Coloured scanning electron micrograph of monkeypox virus particles on the surface of infected cells.

Monkeypox particles (red) on the surface of infected cells.Credit: NIH/SPL

Cases of monkeypox continue to rise. A month ago, when the World Health Organization (WHO) decided against declaring the global outbreak of the viral disease a public health emergency of international concern (PHEIC), some 3,000 cases had been confirmed in more than 50 countries since the start of May. By 23 July, that number stood at more than 16,000 cases across 75 countries and territories, according to the WHO.

The WHO’s expert advisers met again at the end of last week, and although the majority didn’t support declaring a PHEIC, on 23 July the organization decided to go ahead. Now that a declaration has been made, nations must work together to tackle the outbreak and ensure that sufficient resources are provided to low- and middle-income countries (LMICs), where the disease has historically been most prevalent. Mistakes made over COVID-19 must not be repeated.

For example, no one benefits when there is competition for vaccines during an emergency — a widespread problem in many nations’ COVID-19 responses. Smallpox vaccines are effective against monkeypox, but in LMICs both vaccine supply and diagnostic capacity are patchy. Vaccine donors need to collaborate with researchers and health officials to determine what each country requires to scale up its ability to respond to this infectious disease.

When a PHEIC is declared, the WHO recommends that nations commit to ramping up the manufacture and supply of diagnostic testing, medicines and vaccines. Research also tends to get a boost from governments, universities and industry — as happened with COVID-19.

The advisers opposed to declaring a PHEIC argued that the disease is treatable through targeted interventions. At present, the burden of disease is overwhelmingly being felt among men who have sex with men, in Europe and North America, and interventions could focus on vaccination in that community. But those supporting declaring a PHEIC argued that the necessary criteria have been met: the outbreak is an extraordinary event and the disease is a global public-health risk that requires a coordinated response.

Until this year, most cases of monkeypox were seen in people in Central and West Africa. In the current outbreak, all of the known fatalities (at least 70 suspected deaths so far) have been in African countries, where studies have shown that young children, older people and those with low immunity have a higher risk of developing severe disease.

The Democratic Republic of the Congo has experienced thousands of suspected cases during the past decade, and in that time hundreds of people have died from a virulent strain that has a mortality rate of around 10% (Z. Jezek et al. Trop. Geogr. Med. 40, 73–83; 1988). But the true figures are not known — and could be higher than estimates suggest.

In an all-too-common scenario, it has taken a health emergency in Europe and North America for the world to take notice of a disease.

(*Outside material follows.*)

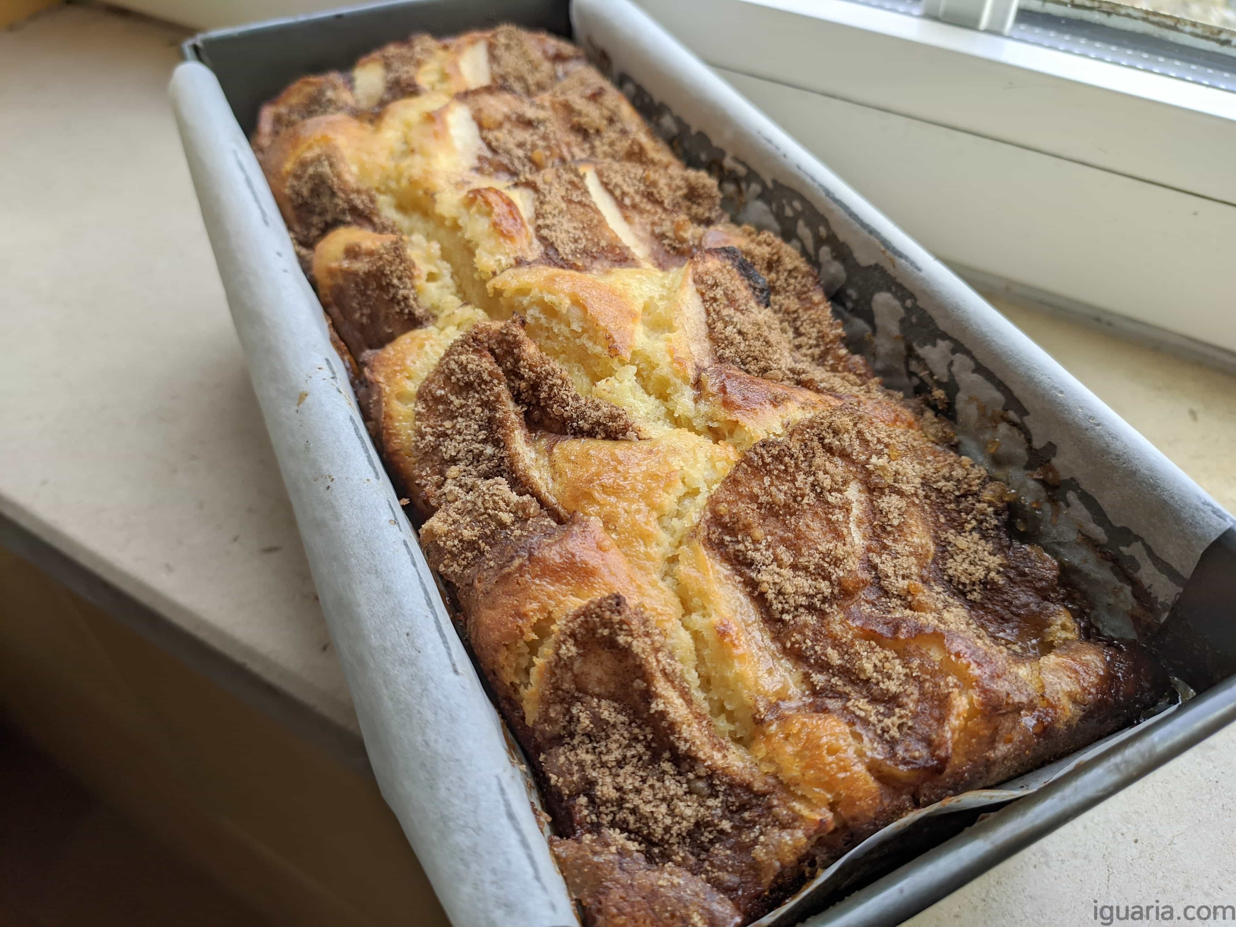 Yay bolo, quem é que não gosta de um belo bolo, este saiu fenomenal, eu acho que este género de bolos com fruta na massa tendem a sair sempre bem, desde que a proporção esteja correta a humidade extra da fruta deixa o bolo mais tenro e se adicionares mais fruta por cima e canela heheh fica mesmo rústico e delicioso, não se vê este género de bolos á venda numa padaria, não é bonito, mas é… uma iguaria TADAMMMMM! ;D

As Emmanuel Alakunle and Malachy Okeke at the American University of Nigeria in Yola write in a comment article in Nature Reviews Microbiology, the monkeypox outbreak should serve as “a wake-up call” that “highlights how little-to-no attention has been paid to the spread of the virus within endemic areas” (E. F. Alakunle and M. I. Okeke Nature Rev. Microbiol. https://doi.org/h5v8; 2022).

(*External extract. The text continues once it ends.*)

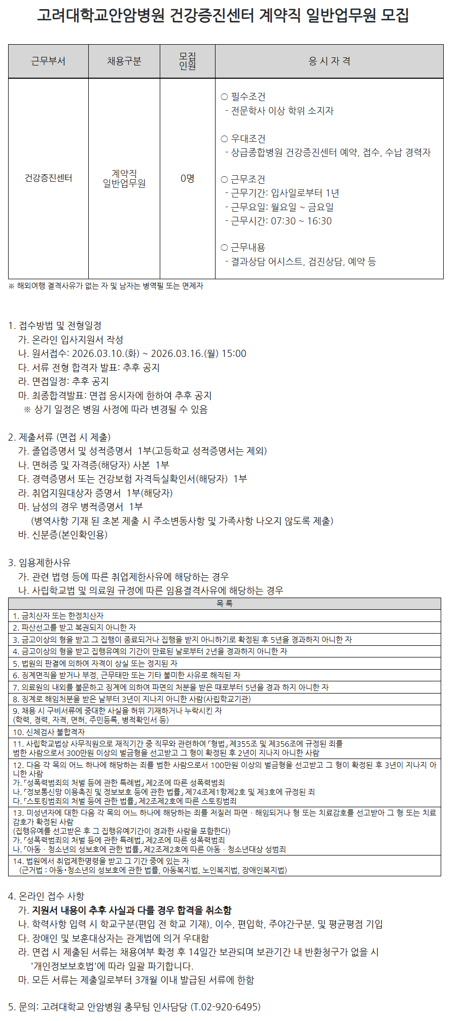 °í·Á´ëÇб³¾È¾Ïº´¿ø °Ç°ÁõÁø¼¾ÅÍ °è¾àÁ÷ ÀϹݾ÷¹«¿ø ¸ðÁý

Last month, Adesola Yinka-Ogunleye, an epidemiologist at the Nigeria Centre for Disease Control in Abuja, told Nature that epidemiologists have been warning for some years that monkeypox is spreading. “The world is paying the price for not having responded adequately,” she said.

The PHEIC declaration presents an opportunity to right this wrong. High-income countries in particular must learn from mistakes made over COVID-19. In an emergency it is senseless to compete for vaccine doses and treatments. Instead, diagnostics and vaccines should be shared and targeted to where they are most needed.

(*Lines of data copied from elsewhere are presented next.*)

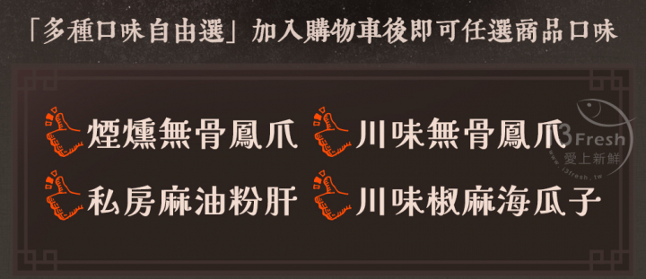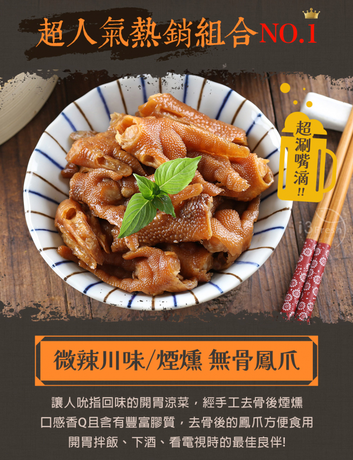 產品成分:雞爪、香油、蠔油、二砂、L-麩酸鈉、酵母抽出物、大豆水解蛋白液、麥芽糊精、鹽、焦糖、琥珀酸二鈉、5’-鳥嘌呤核苷磷酸二鈉、5’-次黃嘌呤核苷磷酸二鈉、L-丙胺酸、洋蔥粉、豬肉抽出物、釀造醬油(非基因改造黃豆)、乳化劑(脂肪酸甘油酯)、營養強化劑(鹽酸硫胺明、維生素B1)、抗氧化劑(混合濃縮生育醇VITE)、蒜粉、玉米澱粉分解物、精製軟棕油、大豆油、芥花油、香料(L-半胱胺酸鹽酸鹽)、二氧化矽、甘草酸銨(甜味劑)、胺基乙酸、檸檬酸鈉、DL-胺基丙酸、白胡椒粉、麻辣醬(沙拉油、蔥、蒜、辣椒、豆瓣、花椒、白胡椒、黑胡椒、八角、雞心椒、肉桂、草果)
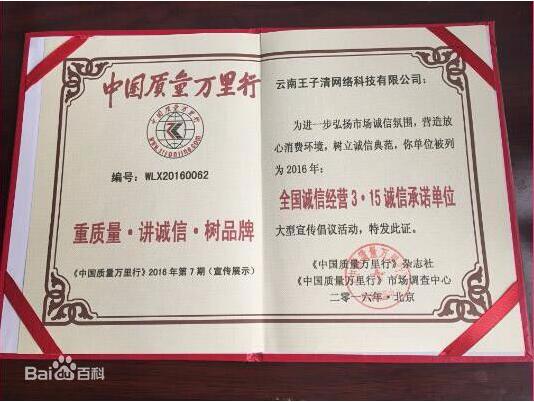 2016年7月(王子清网络科技有限公司)被中国质量万里行授予:|全国诚信经营3•15诚信承诺单位。
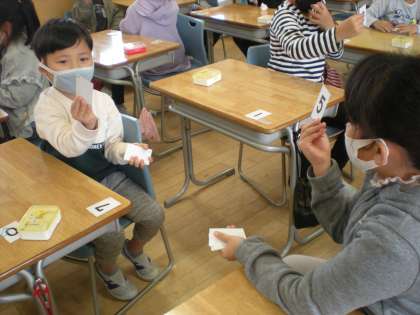 今日の朝活動は、外国語活動でした。ペアで数の大きさ比べをしました。どちらが出した数も、英語で発音して勝負します。お互いに発音するときには、教え合い協力していました。

In an interview with US National Public Radio earlier this month, Atul Gawande, the official responsible for global health at the US Agency for International Development (USAID) in Washington DC, said that the lowest-income countries tend to be the last to get vaccines. This is an important acknowledgement coming from a senior official at USAID, a major source of vaccines and treatments. There is little doubt that the world’s poorest and most vulnerable were failed during the response to COVID-19. Vaccines that offer protection against monkeypox exist and they need to be used for the benefit of all. Wealthy countries must not make the same mistake twice.